§ Work to complete
From the data below, copy exactly the lines that lie between the one holding "A THORN Longer-nek" and the one holding "キー成分「肌本来の防御力を高める4つの植物エキス&ナイアシンアミド×VC」", including both, and nothing more.

§ Records provided

-------------------------

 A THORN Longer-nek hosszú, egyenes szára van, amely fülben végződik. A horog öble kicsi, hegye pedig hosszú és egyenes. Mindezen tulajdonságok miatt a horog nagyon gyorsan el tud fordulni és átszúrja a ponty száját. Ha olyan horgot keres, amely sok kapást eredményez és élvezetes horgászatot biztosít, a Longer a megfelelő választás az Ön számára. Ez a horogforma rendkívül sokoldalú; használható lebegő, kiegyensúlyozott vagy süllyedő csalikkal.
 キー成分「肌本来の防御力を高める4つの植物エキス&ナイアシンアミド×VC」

-------------------------

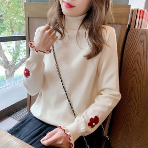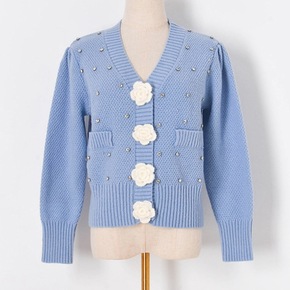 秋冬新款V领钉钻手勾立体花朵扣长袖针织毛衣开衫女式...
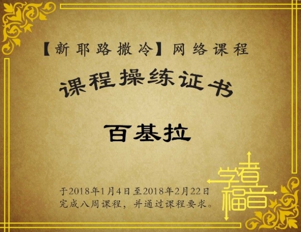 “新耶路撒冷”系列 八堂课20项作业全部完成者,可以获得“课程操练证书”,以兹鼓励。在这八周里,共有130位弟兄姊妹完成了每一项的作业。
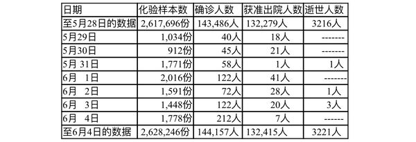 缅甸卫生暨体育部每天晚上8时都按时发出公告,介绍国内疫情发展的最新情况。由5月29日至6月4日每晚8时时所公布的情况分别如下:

-------------------------

§ Your solution
 A THORN Longer-nek hosszú, egyenes szára van, amely fülben végződik. A horog öble kicsi, hegye pedig hosszú és egyenes. Mindezen tulajdonságok miatt a horog nagyon gyorsan el tud fordulni és átszúrja a ponty száját. Ha olyan horgot keres, amely sok kapást eredményez és élvezetes horgászatot biztosít, a Longer a megfelelő választás az Ön számára. Ez a horogforma rendkívül sokoldalú; használható lebegő, kiegyensúlyozott vagy süllyedő csalikkal.
 キー成分「肌本来の防御力を高める4つの植物エキス&ナイアシンアミド×VC」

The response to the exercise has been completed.